Each line of the listing below containing the word "with" should be returned.

- MATERIAL SUPPLIED
• • • • •
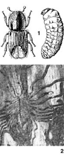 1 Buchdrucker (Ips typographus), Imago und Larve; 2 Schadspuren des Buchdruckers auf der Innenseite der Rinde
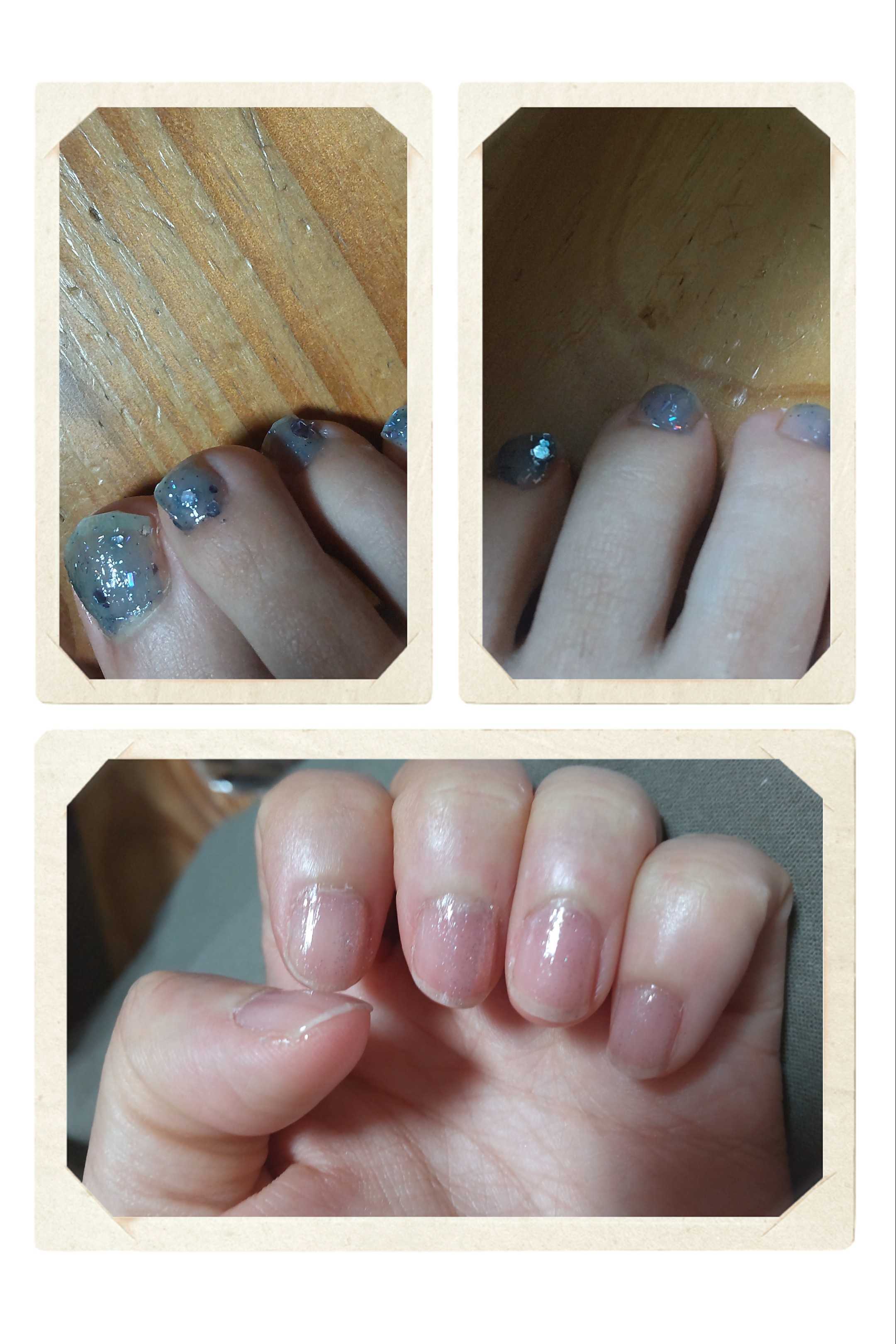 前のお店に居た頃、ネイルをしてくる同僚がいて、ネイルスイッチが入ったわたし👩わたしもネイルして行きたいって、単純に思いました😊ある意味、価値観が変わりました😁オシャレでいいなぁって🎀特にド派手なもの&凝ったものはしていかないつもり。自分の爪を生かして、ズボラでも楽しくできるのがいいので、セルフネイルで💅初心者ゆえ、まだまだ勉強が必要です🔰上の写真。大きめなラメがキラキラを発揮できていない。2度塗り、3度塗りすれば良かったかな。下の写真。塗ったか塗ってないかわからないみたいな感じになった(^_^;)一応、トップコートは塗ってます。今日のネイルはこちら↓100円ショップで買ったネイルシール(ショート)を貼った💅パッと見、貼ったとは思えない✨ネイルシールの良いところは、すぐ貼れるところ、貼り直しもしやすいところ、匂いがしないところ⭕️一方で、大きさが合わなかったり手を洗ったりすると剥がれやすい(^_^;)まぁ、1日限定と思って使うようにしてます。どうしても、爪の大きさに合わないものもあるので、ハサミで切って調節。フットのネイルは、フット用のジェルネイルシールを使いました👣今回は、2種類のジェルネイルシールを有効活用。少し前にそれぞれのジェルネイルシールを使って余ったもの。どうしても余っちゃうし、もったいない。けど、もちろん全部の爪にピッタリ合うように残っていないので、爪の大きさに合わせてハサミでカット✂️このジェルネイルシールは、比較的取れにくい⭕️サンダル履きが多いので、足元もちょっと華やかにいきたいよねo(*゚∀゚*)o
• • • • •
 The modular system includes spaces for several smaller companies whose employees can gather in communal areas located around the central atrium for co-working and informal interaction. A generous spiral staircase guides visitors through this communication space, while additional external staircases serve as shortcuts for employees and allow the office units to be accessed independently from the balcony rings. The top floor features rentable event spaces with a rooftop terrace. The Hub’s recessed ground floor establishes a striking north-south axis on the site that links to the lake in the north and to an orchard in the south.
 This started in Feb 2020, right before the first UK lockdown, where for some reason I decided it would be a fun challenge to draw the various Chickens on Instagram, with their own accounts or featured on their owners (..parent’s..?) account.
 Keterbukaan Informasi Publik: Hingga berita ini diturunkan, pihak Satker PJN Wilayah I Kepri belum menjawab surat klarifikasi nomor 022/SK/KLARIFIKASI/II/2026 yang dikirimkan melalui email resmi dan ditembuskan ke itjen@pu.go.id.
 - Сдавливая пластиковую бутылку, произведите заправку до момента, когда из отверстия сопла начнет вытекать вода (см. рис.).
• • • • •
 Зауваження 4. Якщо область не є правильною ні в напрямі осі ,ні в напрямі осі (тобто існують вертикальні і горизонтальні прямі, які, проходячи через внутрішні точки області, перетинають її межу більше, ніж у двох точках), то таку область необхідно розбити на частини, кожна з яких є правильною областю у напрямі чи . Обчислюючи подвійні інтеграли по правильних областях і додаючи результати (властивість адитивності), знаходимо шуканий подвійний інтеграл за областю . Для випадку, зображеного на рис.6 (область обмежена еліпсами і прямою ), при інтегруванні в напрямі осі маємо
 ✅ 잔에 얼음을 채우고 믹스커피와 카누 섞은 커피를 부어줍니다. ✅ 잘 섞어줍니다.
• • • • •
- EXPECTED ANSWER
 The modular system includes spaces for several smaller companies whose employees can gather in communal areas located around the central atrium for co-working and informal interaction. A generous spiral staircase guides visitors through this communication space, while additional external staircases serve as shortcuts for employees and allow the office units to be accessed independently from the balcony rings. The top floor features rentable event spaces with a rooftop terrace. The Hub’s recessed ground floor establishes a striking north-south axis on the site that links to the lake in the north and to an orchard in the south.
 This started in Feb 2020, right before the first UK lockdown, where for some reason I decided it would be a fun challenge to draw the various Chickens on Instagram, with their own accounts or featured on their owners (..parent’s..?) account.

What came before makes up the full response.